Girolamo di Corregio (1511–1572) was an Italian Roman Catholic cardinal and bishop.

==Biography==

Girolamo di Corregio was born in Correggio, Emilia-Romagna in 1511, the son of Giberto X, Count of Correggio and his wife Veronica Gambara. His mother was the sister of Cardinal Uberto Gambara.

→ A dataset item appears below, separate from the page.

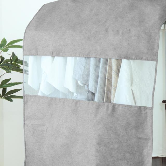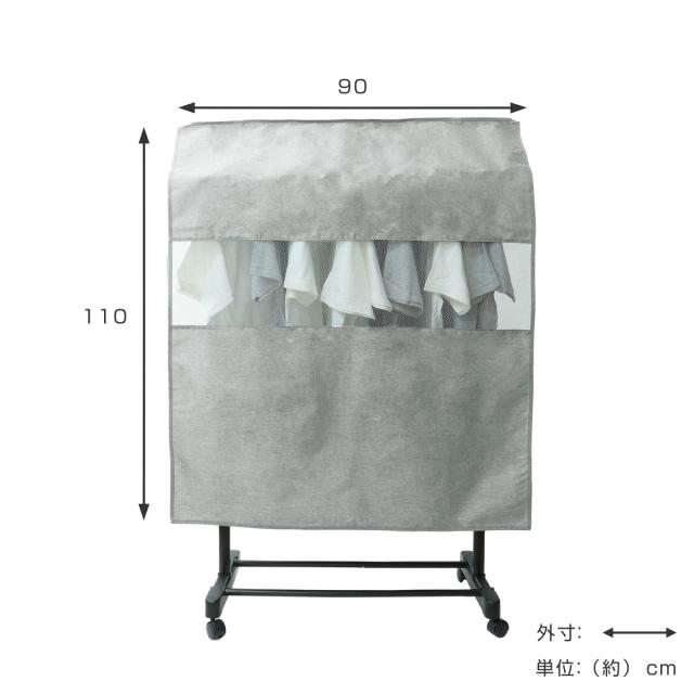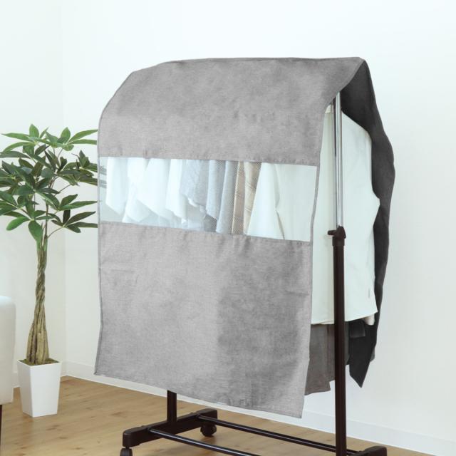 ハンガーラックに掛けた衣類をほこりから守ります。幅90cmのハンガーラックのシングルバータイプに使用できます。ホナチュラルなグレーのカバーは、見た目もスッキリして生活感を隠せます。

After studying at the University of Bologna, he moved to Rome and entered ecclesiastical life under the tutelage of his uncle Cardinal Uberto Gambara. In 1545, Pope Paul III made him nuncio extraordinary to Francis I of France to express condolences for the death of Francis' son Charles II de Valois, Duke of Orléans. The next year he was nuncio extraordinary before Charles V, Holy Roman Emperor. He then entered the court of Cardinal Alessandro Farnese. In 1551, he became minister plenipotentiary to Ottavio Farnese, Duke of Parma. He was later despatched to treat with Philip II of Spain to restore Piacenza to the Duchy of Parma; because of his success, the Duke of Parma gave him castles in Medesano and Correggio.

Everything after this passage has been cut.